- Your instructions
Your response should contain only the lines running from the top of the data below through the line with "The Four of", both included. Pictures must be omitted.

- Collected material
________________________________________
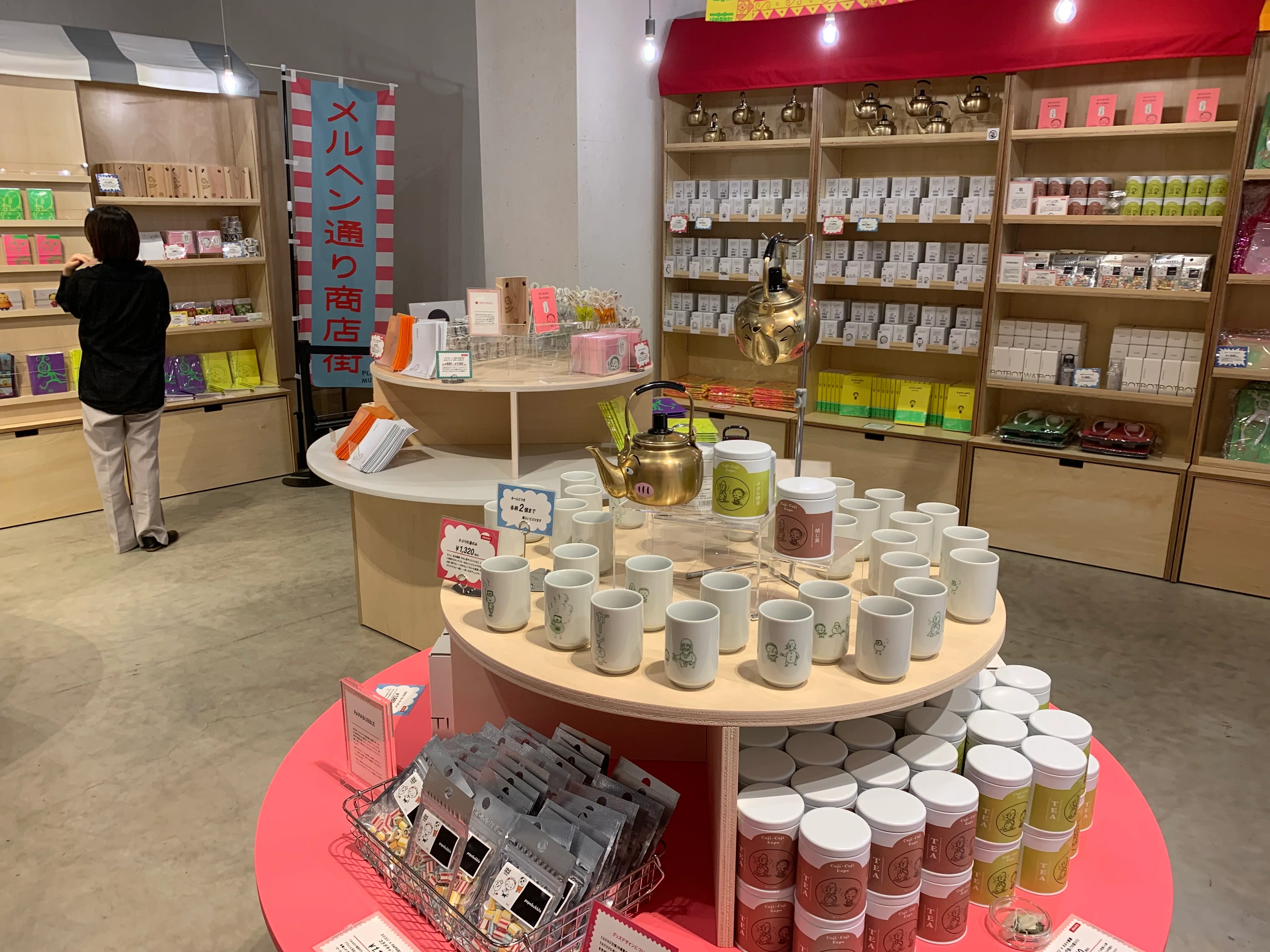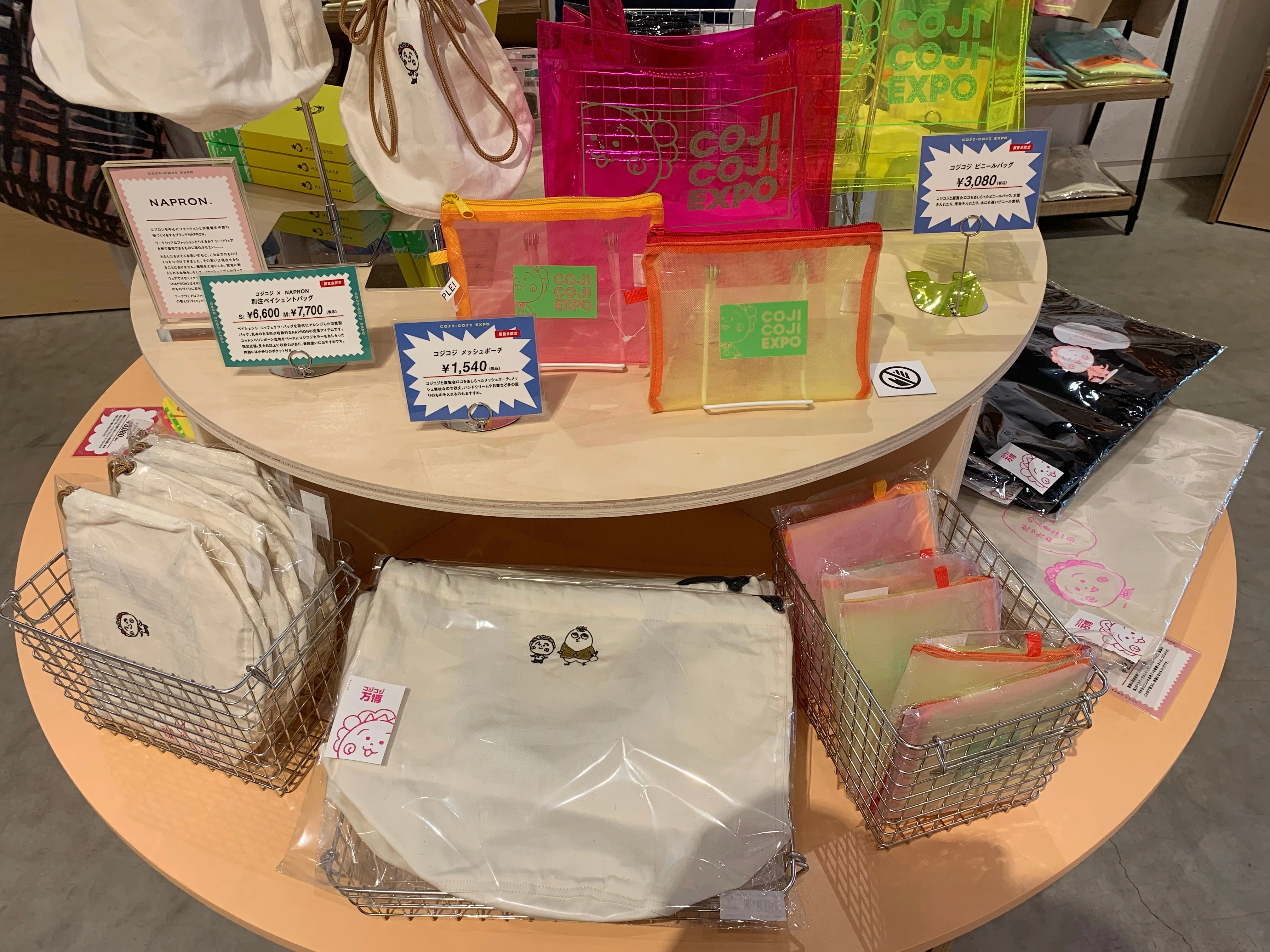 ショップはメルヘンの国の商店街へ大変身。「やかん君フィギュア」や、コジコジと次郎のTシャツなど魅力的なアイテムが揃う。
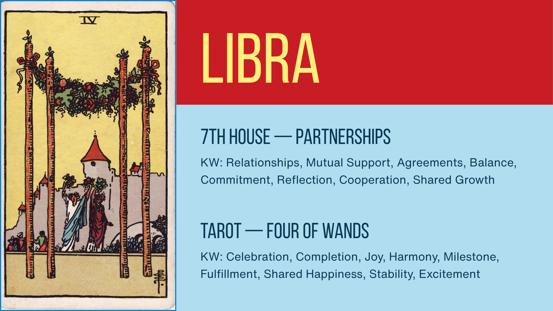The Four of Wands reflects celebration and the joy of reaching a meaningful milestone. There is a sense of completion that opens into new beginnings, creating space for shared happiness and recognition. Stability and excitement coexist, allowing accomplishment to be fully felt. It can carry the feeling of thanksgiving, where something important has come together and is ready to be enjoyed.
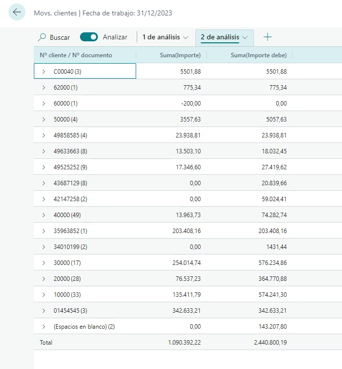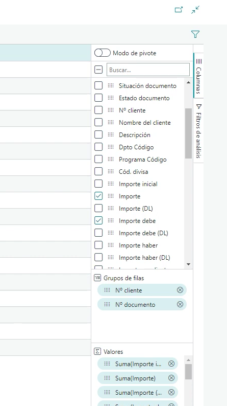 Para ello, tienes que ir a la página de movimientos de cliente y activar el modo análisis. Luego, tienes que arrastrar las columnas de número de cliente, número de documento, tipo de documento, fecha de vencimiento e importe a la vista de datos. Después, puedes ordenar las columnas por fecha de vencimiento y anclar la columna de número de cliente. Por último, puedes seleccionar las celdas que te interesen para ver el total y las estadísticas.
________________________________________
- Worked solution
 ショップはメルヘンの国の商店街へ大変身。「やかん君フィギュア」や、コジコジと次郎のTシャツなど魅力的なアイテムが揃う。
The Four of Wands reflects celebration and the joy of reaching a meaningful milestone. There is a sense of completion that opens into new beginnings, creating space for shared happiness and recognition. Stability and excitement coexist, allowing accomplishment to be fully felt. It can carry the feeling of thanksgiving, where something important has come together and is ready to be enjoyed.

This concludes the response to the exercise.